Write out the lines of the material below exactly, beginning at the line with "Women Printed Shirt" and stopping after the line with "Ice Silk Short-Sleeved", and leave out the pictures.

LISTED RECORDS

┏━━

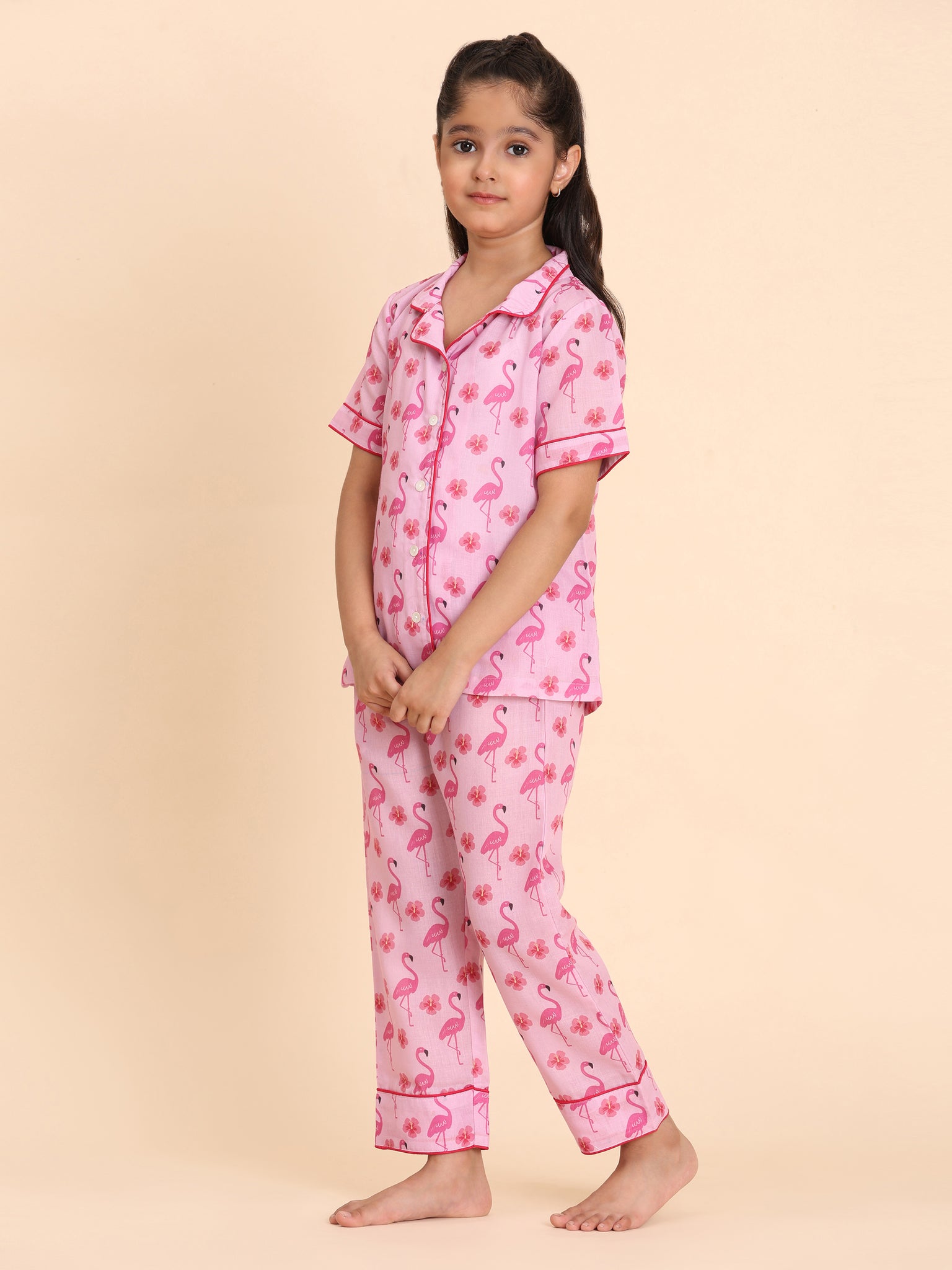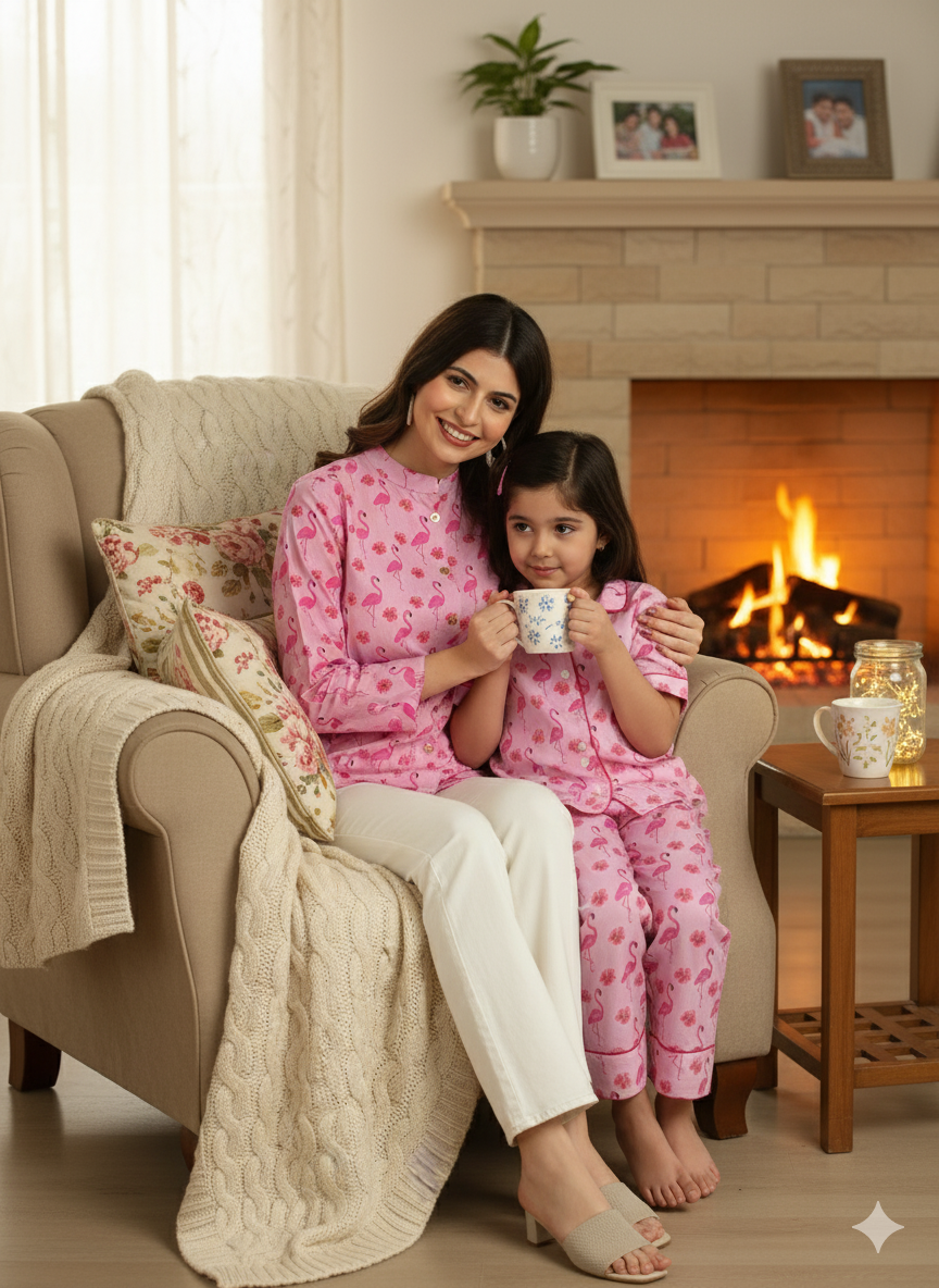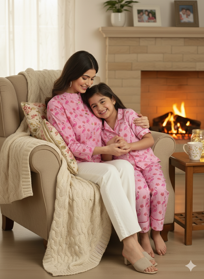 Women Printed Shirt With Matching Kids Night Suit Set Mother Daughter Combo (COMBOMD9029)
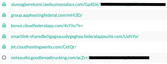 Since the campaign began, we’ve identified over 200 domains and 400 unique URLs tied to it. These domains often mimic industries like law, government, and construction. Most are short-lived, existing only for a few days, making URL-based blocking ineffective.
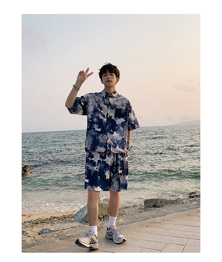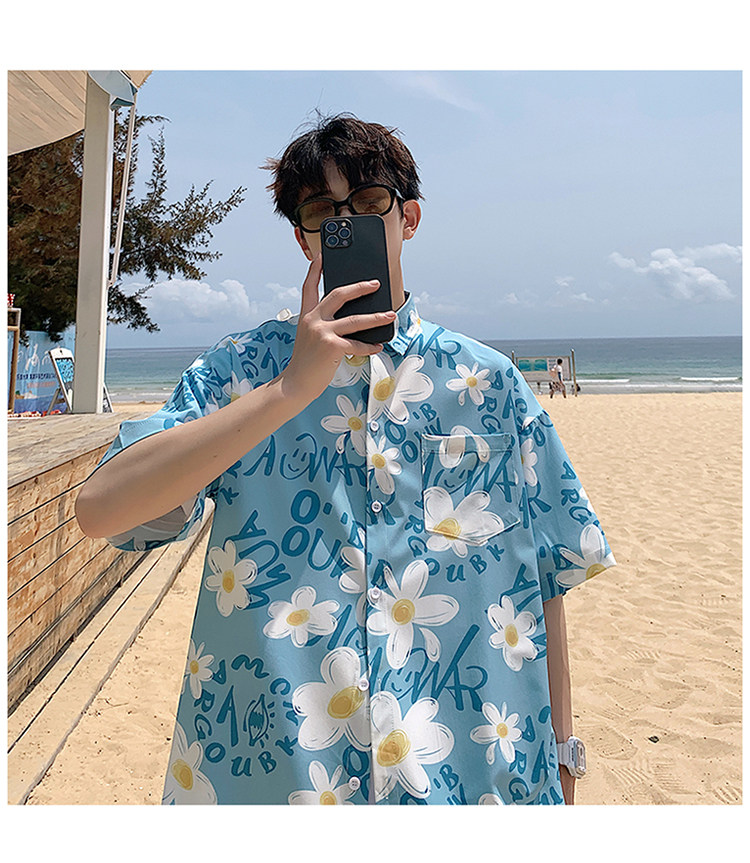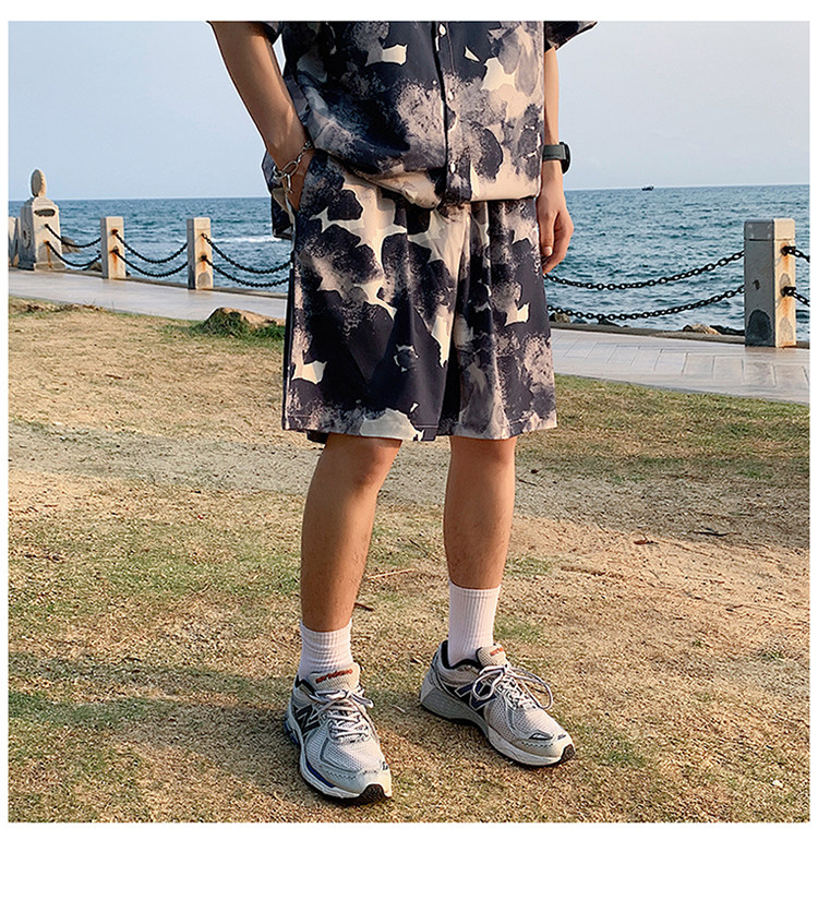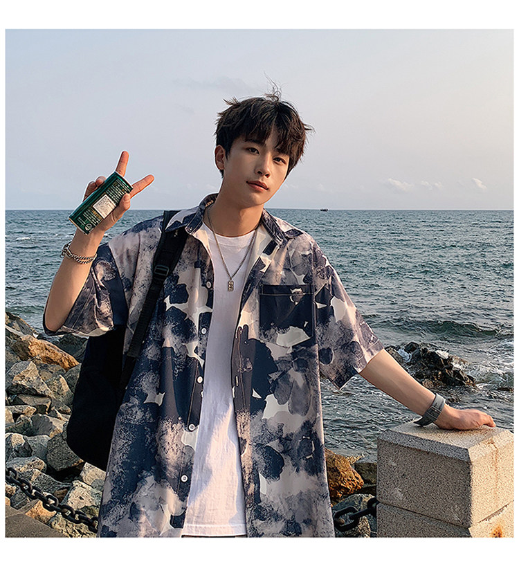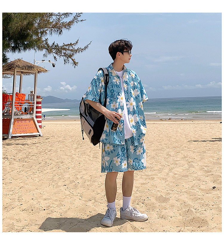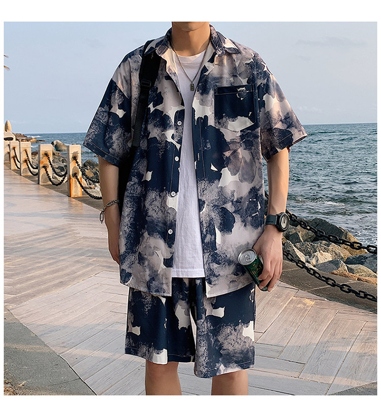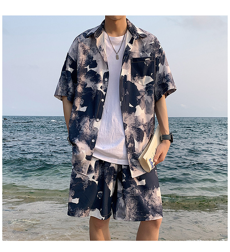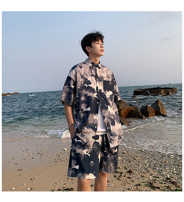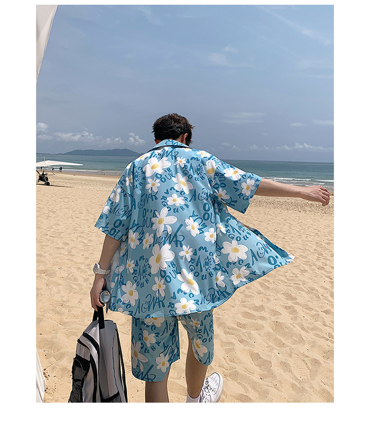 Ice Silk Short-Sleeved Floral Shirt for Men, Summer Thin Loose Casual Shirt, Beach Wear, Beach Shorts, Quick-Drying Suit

┗━━
┏━━

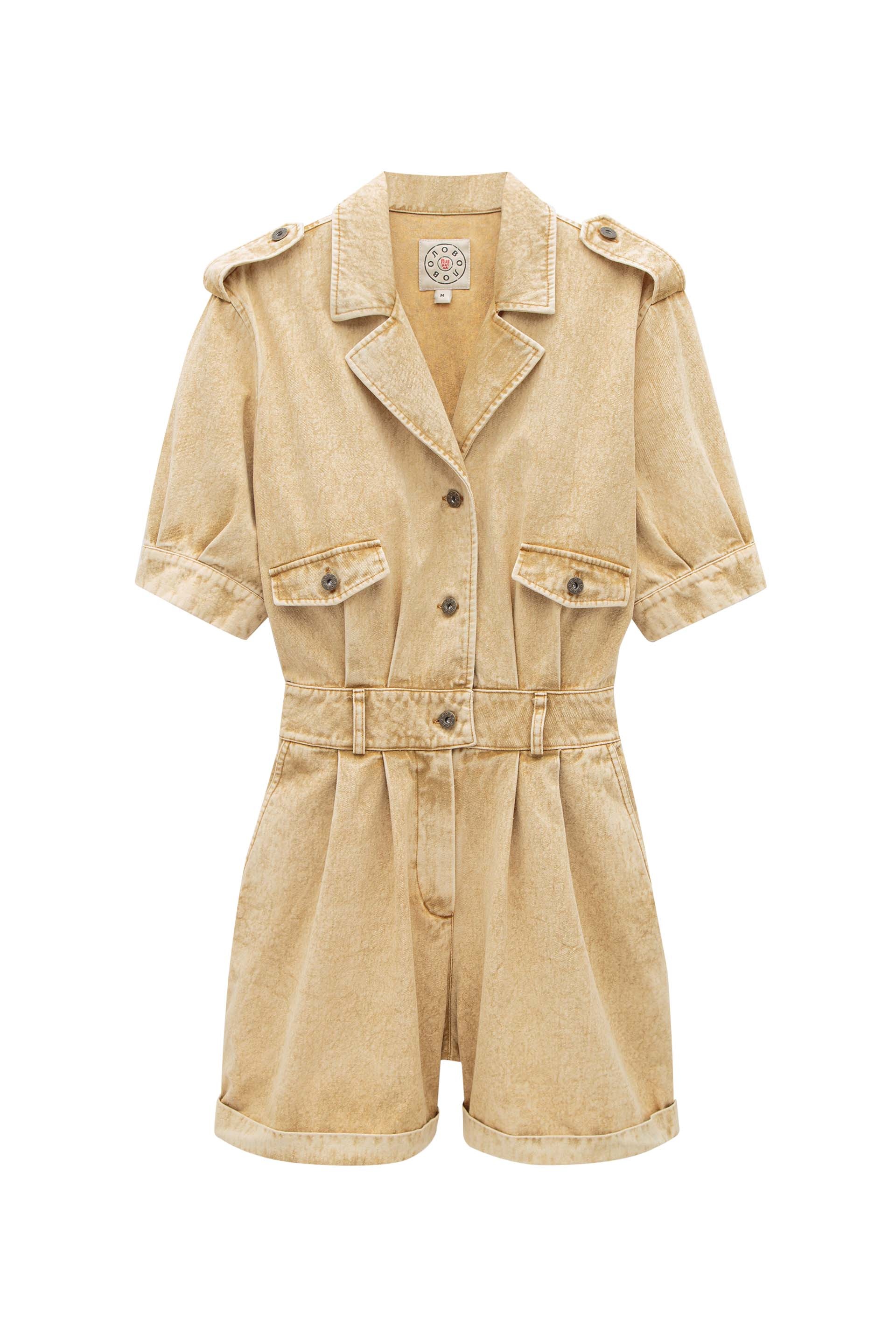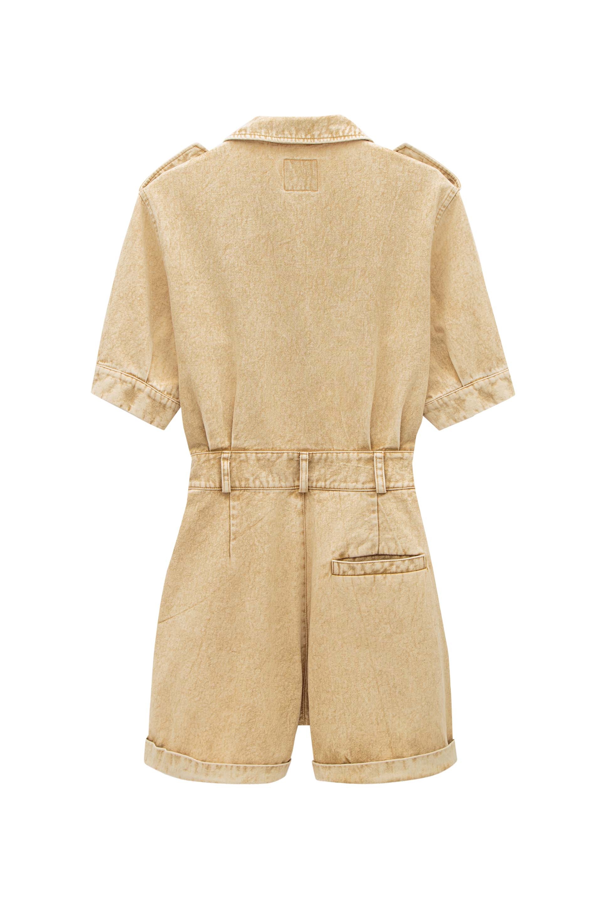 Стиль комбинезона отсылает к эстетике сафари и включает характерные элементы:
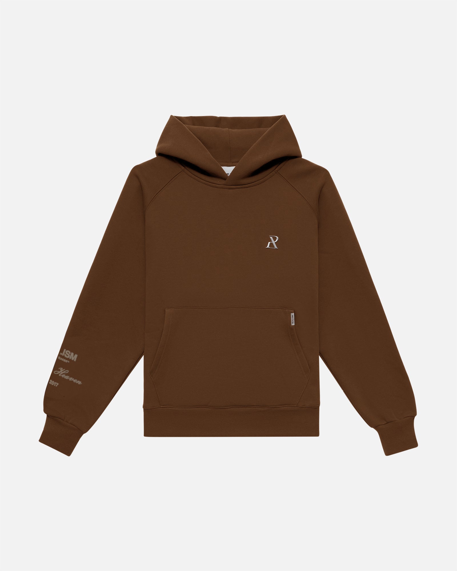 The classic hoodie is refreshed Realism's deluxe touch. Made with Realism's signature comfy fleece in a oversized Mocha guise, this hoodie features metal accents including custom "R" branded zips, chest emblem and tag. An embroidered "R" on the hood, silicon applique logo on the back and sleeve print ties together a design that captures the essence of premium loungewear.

┗━━

EXERCISE RESPONSE
 Women Printed Shirt With Matching Kids Night Suit Set Mother Daughter Combo (COMBOMD9029)
 Since the campaign began, we’ve identified over 200 domains and 400 unique URLs tied to it. These domains often mimic industries like law, government, and construction. Most are short-lived, existing only for a few days, making URL-based blocking ineffective.
 Ice Silk Short-Sleeved Floral Shirt for Men, Summer Thin Loose Casual Shirt, Beach Wear, Beach Shorts, Quick-Drying Suit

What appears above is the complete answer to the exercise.